Manic. Manic. I did not understand manic, or hypomanic, or anti-manic.

I did not understand any of it for a very long time. I have now spent several hundred hours learning about recurrences and brain function and stress management, and while I have hung on to every word, I have waited, if not a cure, then for symptomatic elimination.

Dr. Emil Kraepelin, a German psychiatrist who lived from 1856-1926,stated this: “Manic patients may transitorily appear not only sad and despairing, but also quiet and inhibited. A patient goes to be moody and inhibited, suddenly wakes up with a feeling as if a veil had been drawn away from his brain, passes the day in manic (excited) delight in work, and the next morning, exhausted and with a heavy head, he again finds in himself the whole misery of his state. Or the hypomanic exultant (jubilant) patient quite unexpectedly [makes] a serious attempt at suicide.” Though it all made sense, I drew a line in the sand. I decided a manic-depressive illness was too much and that my ill was more of a nervous breakdown. In spite of being poles apart from my doctor, I promised to follow her lead. Privately, I was convinced the patient was saner than the doctor, though I could not deny that every word from her lips made perfect sense.
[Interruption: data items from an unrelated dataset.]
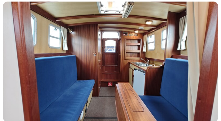
Spitzgatt Kutter LADY 14
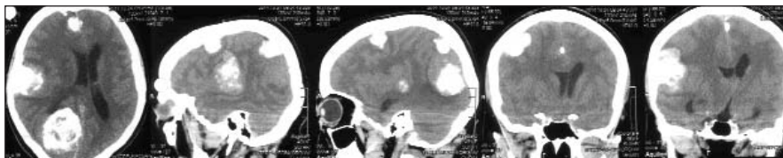
Рис. 1. КТ до операции (описание в тексте)

Сделан вывод о том, что на первом плане в клинической картине находятся нарушения в зрительно-пространственной сфере, что соответствует преимущественному поражению
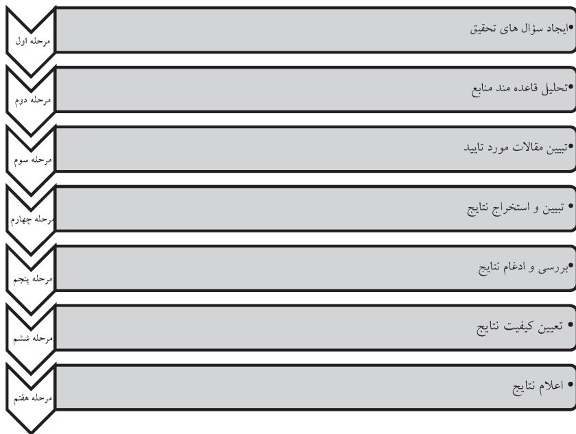
شکل ۱: مراحل پیاده سازی روش فراترکیب

بر اساس شکل ۱، مراحل مبسوط پیاده سازی روش فراترکیب به شرح زیر می باشد:
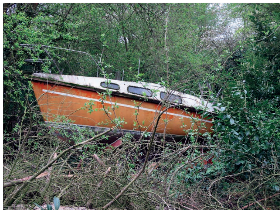
Ein Segelschiff im ehemaligen Kittelbachtal am Ritterskamp.
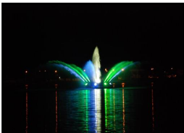
Figura 9: Fonte Luminosa na Lagoa Maior.
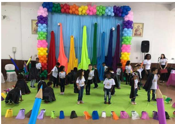
De kinderen doen een dansje

Het bestuur van de bewaarschool was aanwezig, ook hun ouders en grootouders; en alle dienstpersoneel die hun taak hebben bij het functioneren van deze prille
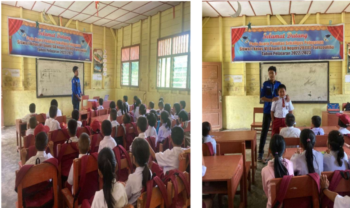
Gambar 7 49 Penyuluhan Perilaku Hidup Bersih dan Sehat di SDN 281115 Turezouliho
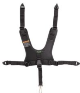
Peto de fixació Rifton Stander
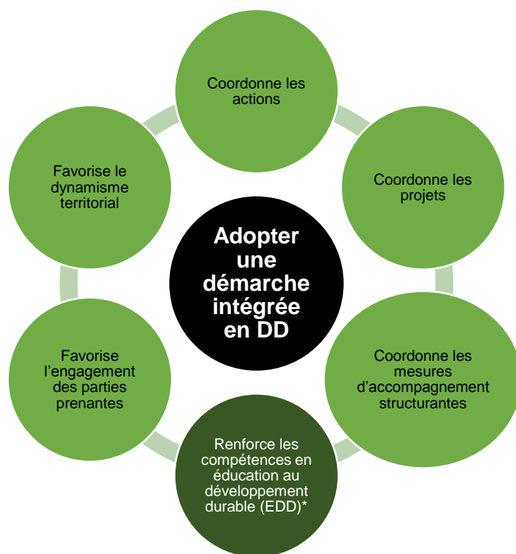
Diagramme 1 : Les impacts de l'adoption d'une démarche intégrée en développement durable

La démarche intégrée de l'Institut EDS adaptée au milieu scolaire dans le cadre de ce projet pilote préconise l'approche de l'éducation au développement durable (EDD), qui favorise une éducation au sein de laquelle les différents acteurs, dont les élèves, sont considérés comme des interlocuteurs valables. L'EDD mise également sur le développement de certaines compétences qui ont été identifiées comme étant centrales aux changements sociétaux qu'elle souhaite favoriser. Le milieu scolaire, suivant les principes de développement durable, sera accueillant, marqué par des valeurs d'écoute, de partage et de respect de l'autonomie.
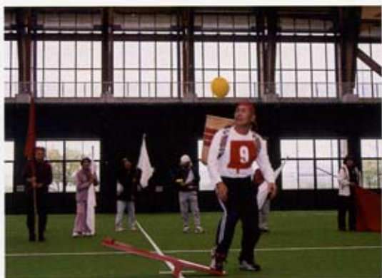
今度こそ入ってくれ
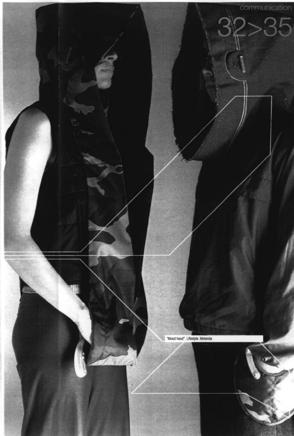
"Mood hood". Lifestyle. Motorola
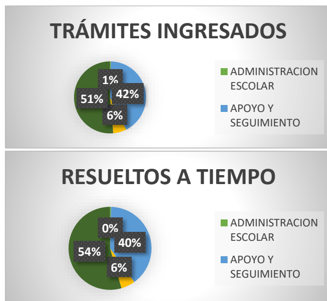
Ilustración 4. Ingreso y resolución de trámites
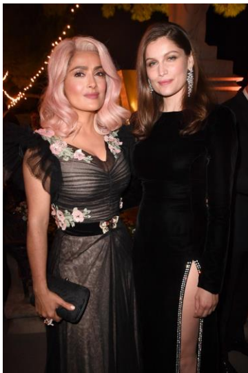
萨尔玛·海耶克·皮诺 (左) 和利蒂希娅·卡斯塔 (右) 的合照
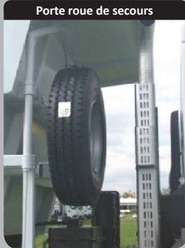
Porte roue de secours

Porte roue disposé sur la face avant qui s'incruste parfaitement dans l'ensemble.
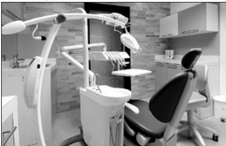
Do zubařského křesla, i když je nadmíru pohodlné, se nikomu z nás nechce. Aby návštěvy u stomatologa probíhaly bez strachu a komplikací, je nutno svého lékaře navštěvovat pravidelně a předcházet náročným a mnohdy zbytečným zákrokům.

rou propojenou s počítačem, kdy počítač na zvětšeném modelu vašich zubů během několika málo vteřin vymodeluje novou korunku nebo inlejí a to s přesností několika mikronů. Tu Vám doktor v ústech zafixuje a hotovo!
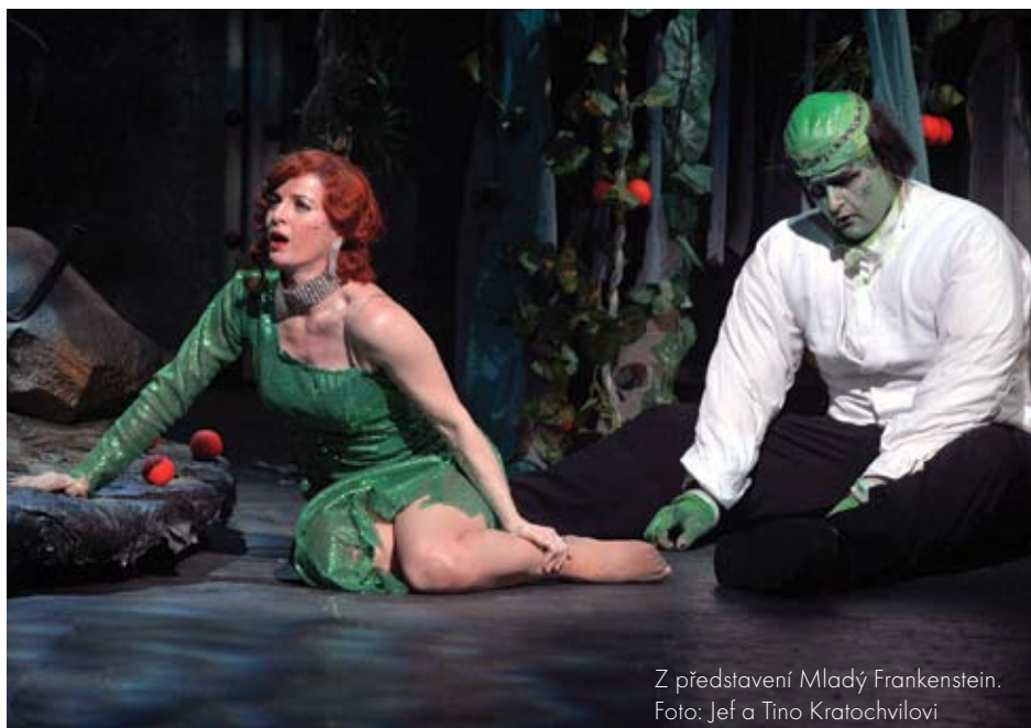
Z představení Mladý Frankenstein.

Když už jsem zmínila všemi opěvovaného Webbera, nemohu opomenout dlouho připravovaného Fantoma Opery . Tento celosvětově úspěšný muzikál se původně v Česku hrát
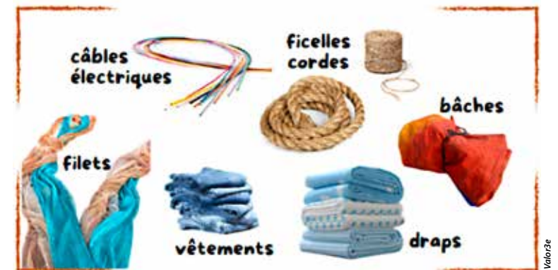
Pour éviter la formation de torons, ces déchets sont à apporter en déchèterie ou point de collecte.

Point info famille Pôle social Germaine-Heulin 24 avenue Maudet à Cholet Tél.: 02 72 77 22 10 info-famille@choletagglomeration.fr Prévoir maillot de bain et serviette pour chacun
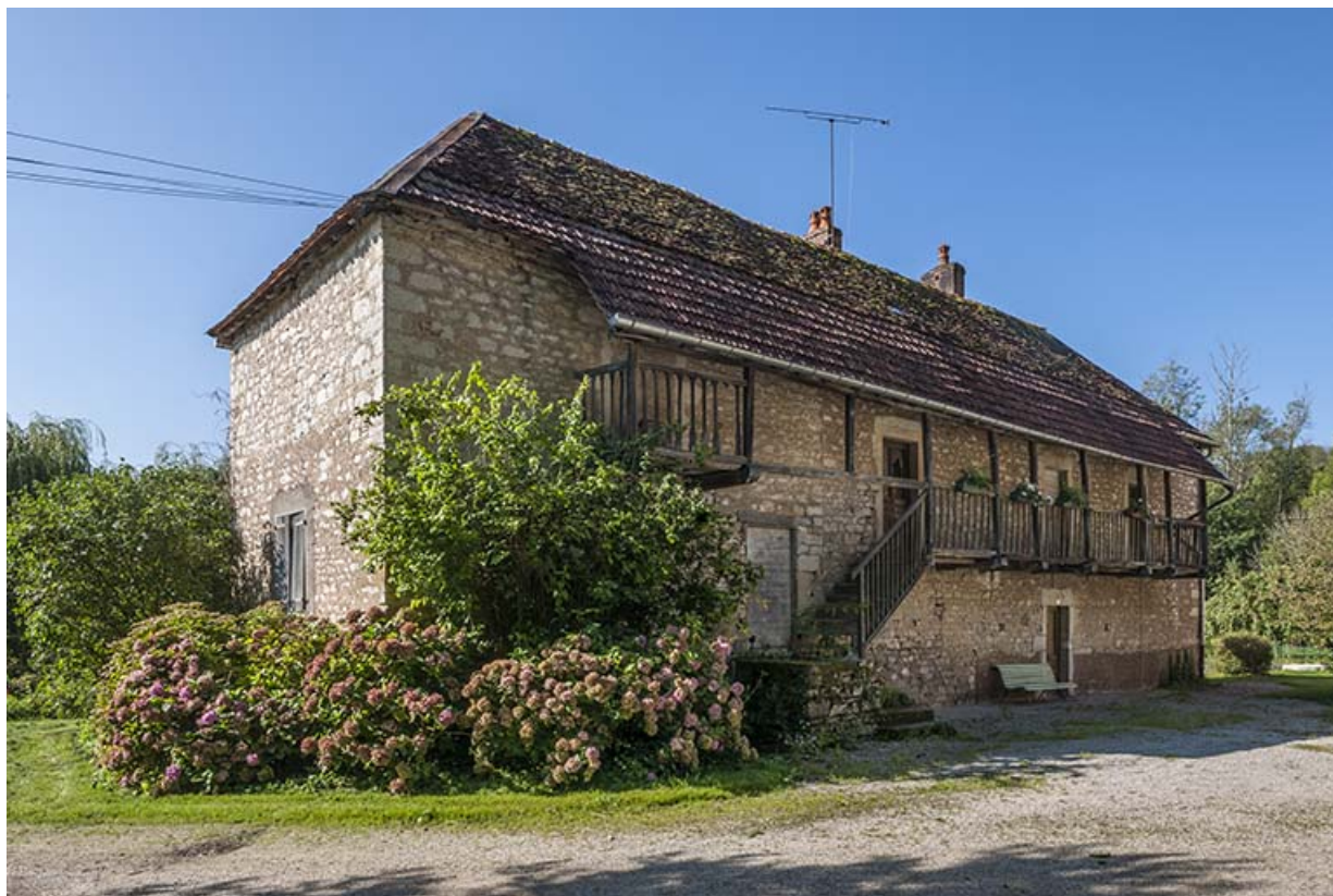
Logement patronal. Vue de trois quarts droite.

25, Montagney-Servigney rue du Haut fourneau
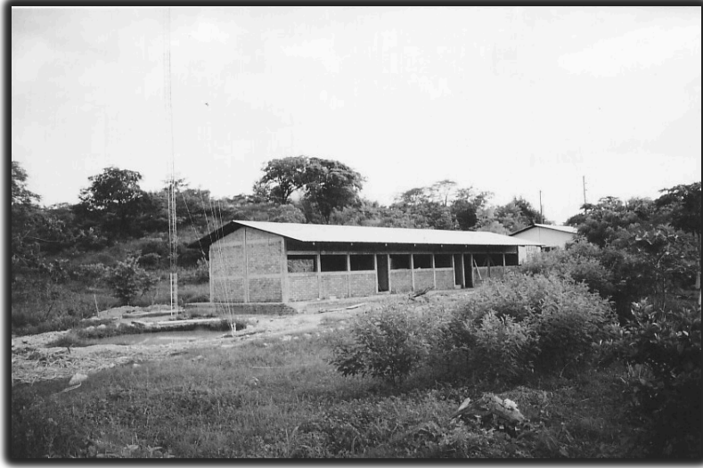
Centro de Internet de APRODESE
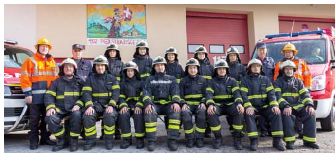
Novo člane z veseljem sprejmemo v naše vrste.
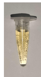
图 3. 二氧化锰纳米片使 H 2 O 2 快速释放氧气

针对不同需求的用户，我们派出东纳公司专家团队，配合指导客户使用，为客户取得最好的实验效果。
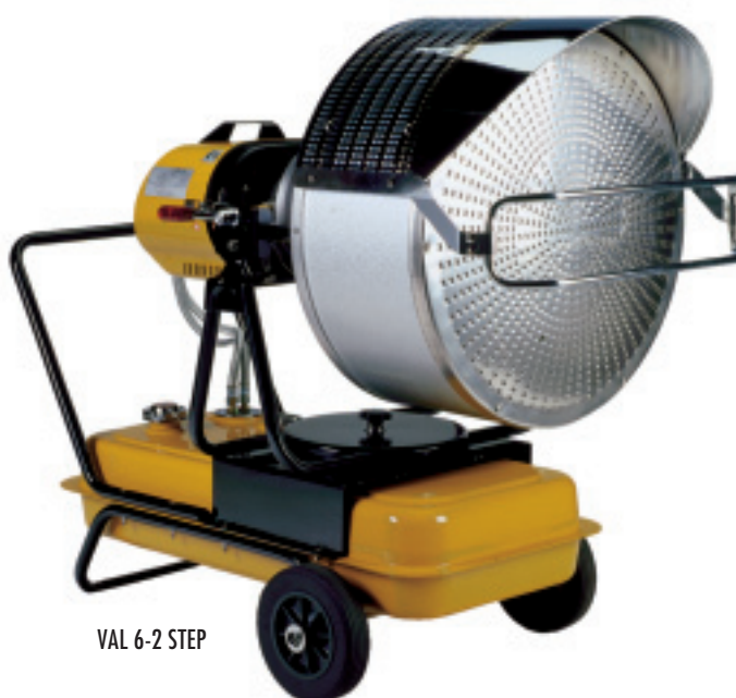
VAL 6-2 STEP
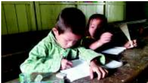
勉強をする子供たち

1か月半ぶりに帰ってきたら、教会の学校に通ってくる子供たちの数が減っていました。先生は「今は漁が忙しい時期なので、手伝いのため来られない。また、今年はベトナムへの移住を考えている人が多い。移住するならクメール語の学習は必要なくなり、学校に来る子どもが減っている」と言っていました。今は乾期で大規模な漁が解禁になり、人手が必要になります。子供が学校に行かず、家の仕事を手伝う家庭が多いです。
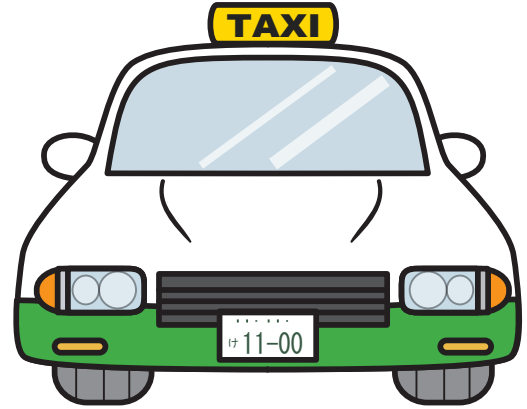
たくしー タクシー

An illness? Illness? Excuse me? You think what? You've got to be kidding. Hypo... Hypomania... Manic-depressive illness? M A N I C manic? Me? Are you sure...?

I drove home in the Corvette with the top down and the radio blasting, moving in and out of traffic and once I neared on hundred miles per hour, manic-depression didn't matter anymore. My spirits lifted when I was flying.

Desire and my automobile, an illusive combination. Later that day, in the comfort of my own garage, I watched as the door closed behind me. My silent obsessions began to take me. Tormented by my own self-determination, it was time, and while I waited for the fumes, I analyzed and I became confused and I changed my mind.